The large prospective German multicentre study involving 366 patients has showed that use of Oncotype DX changed initial recommendations in 33% of cases with increased survival rates.
Interdisciplinary Oncology Center in Munich, Germany, gynaecology professor Wolfgang Eiermann said Oncotype DX is a tool that can help guide treatment recommendations for early-stage breast cancer patients in a cost-effective manner.
"Oncotype DX is already included in international clinical guidelines such as ESMO, St. Gallen, ASCO and NCCN(1) and our research demonstrates that Oncotype DX is cost-effective and impacts treatment decisions ensuring that the right patients benefit from chemotherapy, while others are spared unnecessary treatment and associated toxicities," Eiermann added.
The Israeli study, which included 282 patients, found patients who had the Oncotype DX test were less likely to be recommended for chemotherapy compared to patients who did not have the test.

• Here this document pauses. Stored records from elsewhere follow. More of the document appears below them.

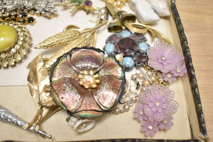 A large assortment of costume brooches, including statement pieces, paste set examples and RAF motifs
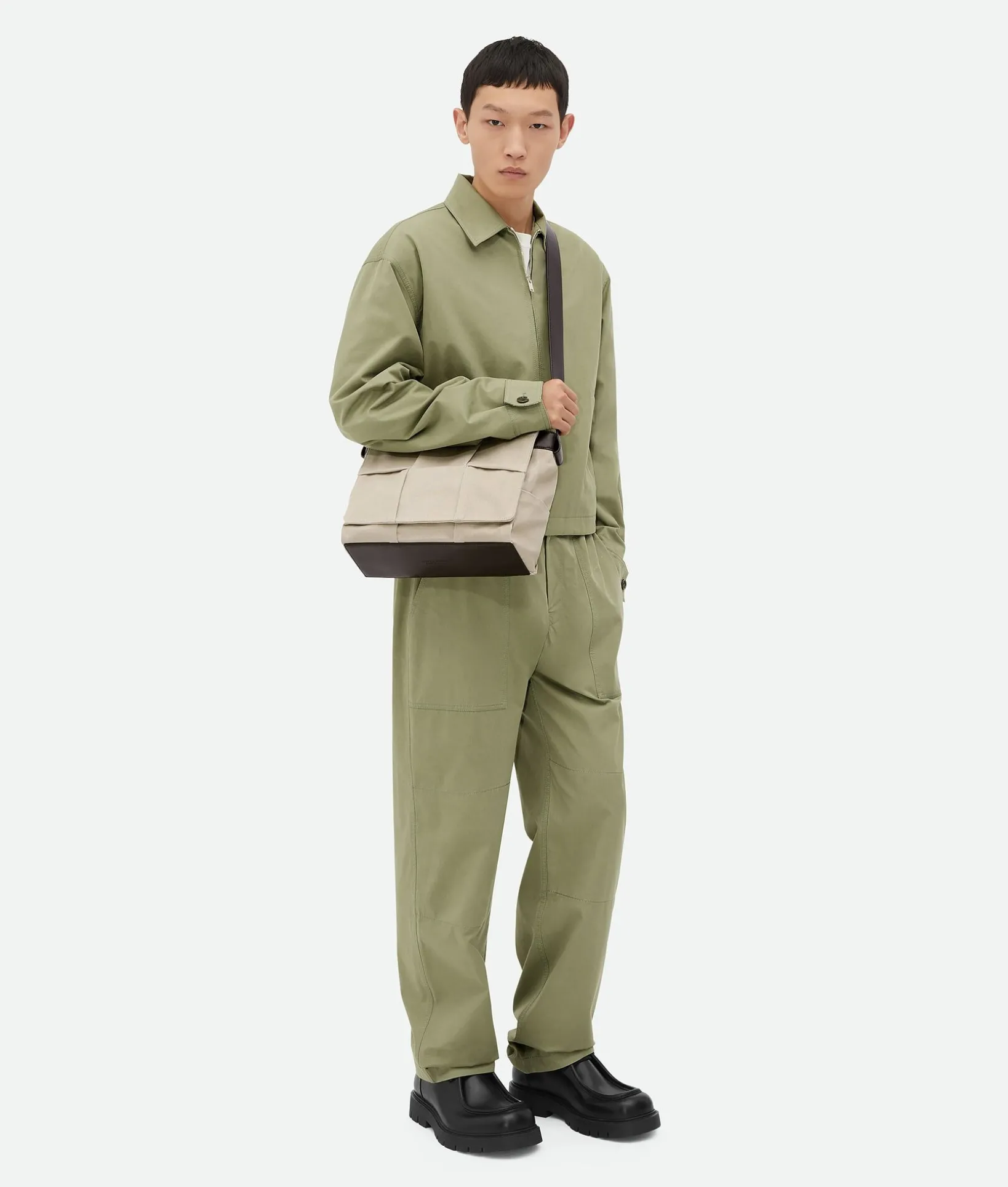 • Flap messenger in canvas pleated with Intreccio pattern
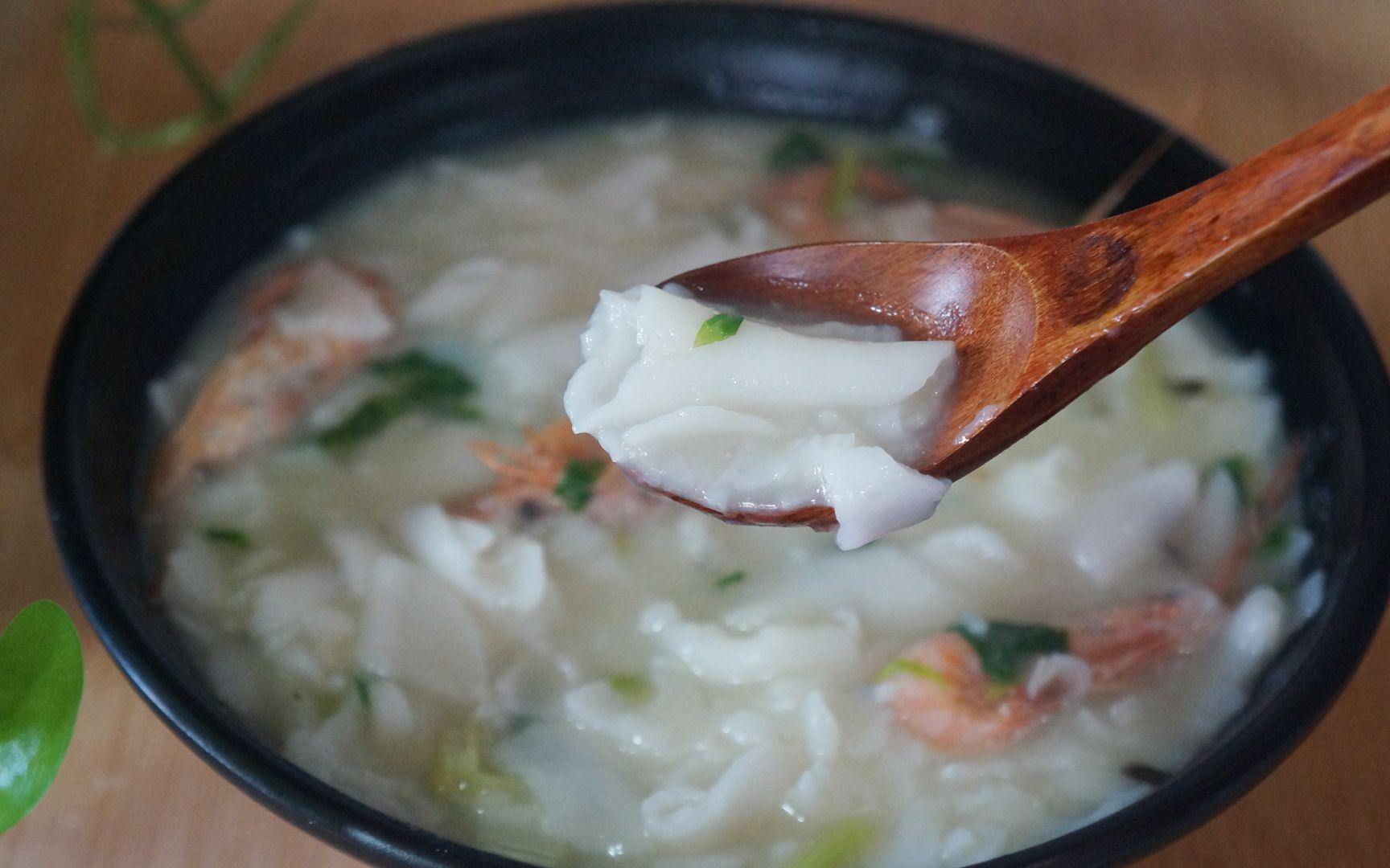 鍋邊糊,以蛤、香菇、蝦米等配料熬成的清湯,搭配軟嫩清香的麪糊,是早餐的佳選。
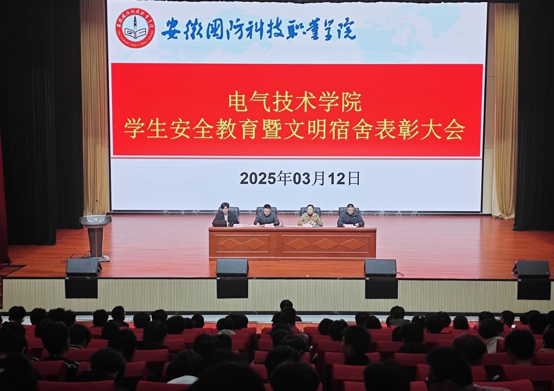本网讯(电气技术学院 杨莹光)为贯彻落实上级和学校近期安全工作部署,进一步提升学生安全意识,推进学生社区文明宿舍创建工作,电气技术学院于3月12日晚上举办了学生安全教育暨文明宿舍表彰大会。学院党总支副书记张丽、全体在校生辅导员,团总支学生会学生干部、班级学生干部和全体宿舍长参加了此次会议,会议由团总支书记陈俊主持。
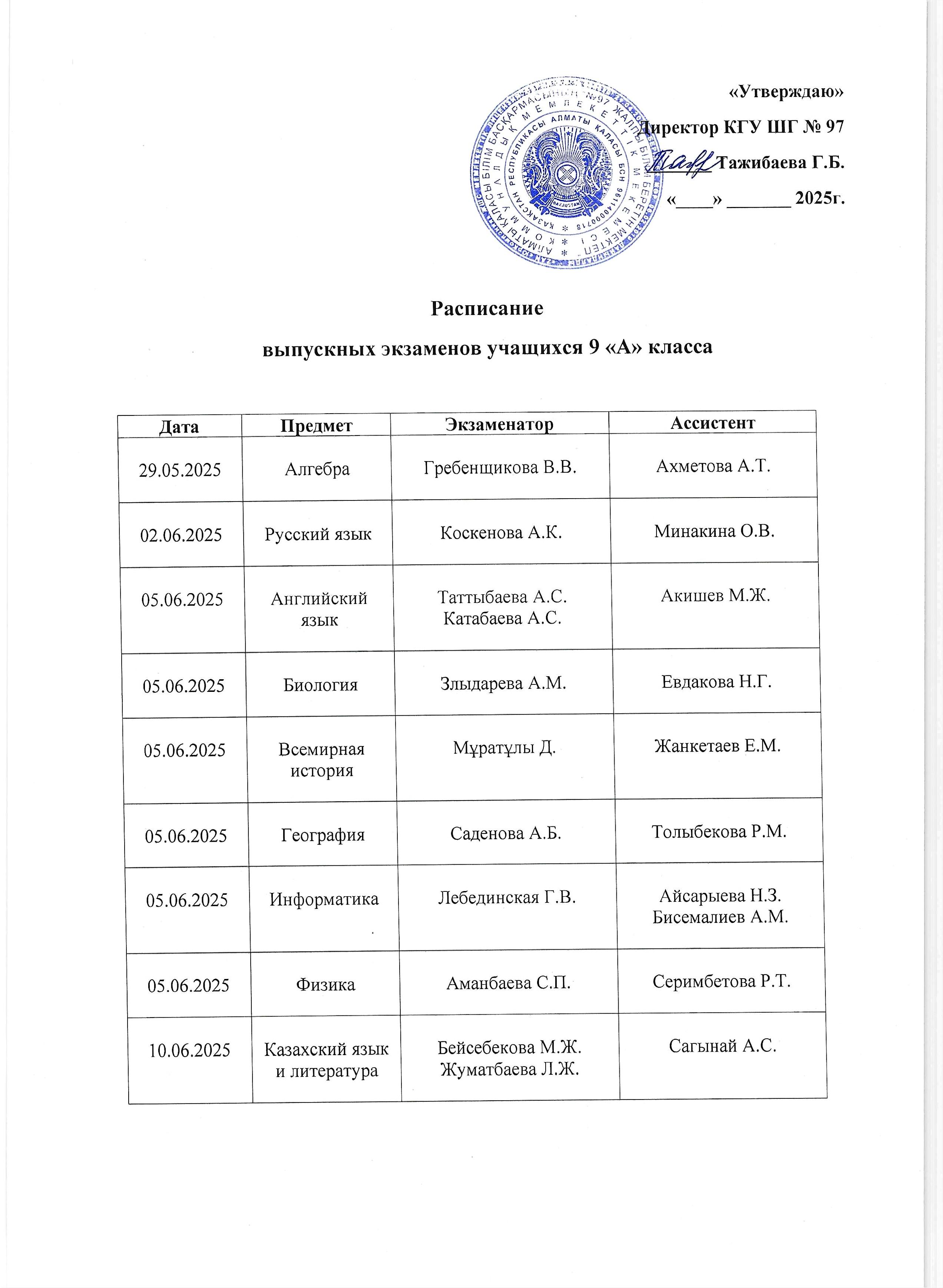 Расписание выпускных экзаменов учащихся 9 "А" класса
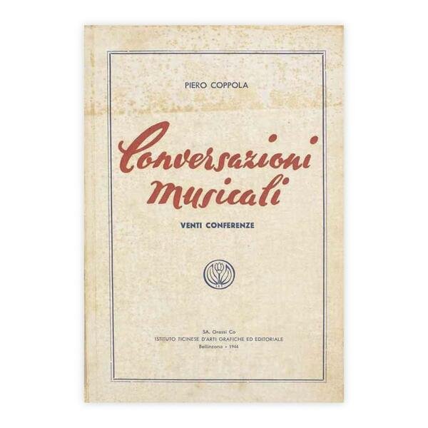 Autore: Piero Coppola Titolo: Conversazioni Musicali Edizione: Istituto Ticinese d'Arti grafiche ed editoriale - 1944 Dimensioni: 20x13 cm Pagine: 229 Copertina: Brossura Condizioni: Buone
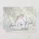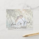 Full bleed tranparent photo minimalist chic wedding save the date postcard template featuring your custom picture in a trendy faux vellum white overlay with black hand written calligraphy script. +++++++++++ Easy to personalize with your details and image on both sides!

Multiple studies conducted in Germany, Spain, the UK, Israel, Japan, Australia and the US have shown using that the test changes treatment decisions in roughly 30% of cases. In addition, the health economics analysis from Hungary demonstrated the cost-effectiveness of Oncotype DX compared to other oncology related health technologies being used in the country.
Genomic Health medical affairs in Europe director Christer Svedman said they currently have eight clinical studies involving more than 5,000 patients across Europe, demonstrating the potential the Oncotype DX test brings to patients and physicians.
"As international use of the Oncotype DX breast cancer test increases, it’s important to not only have strong clinical data but also to demonstrate that using the test is cost-effective in different healthcare systems," Svedman added.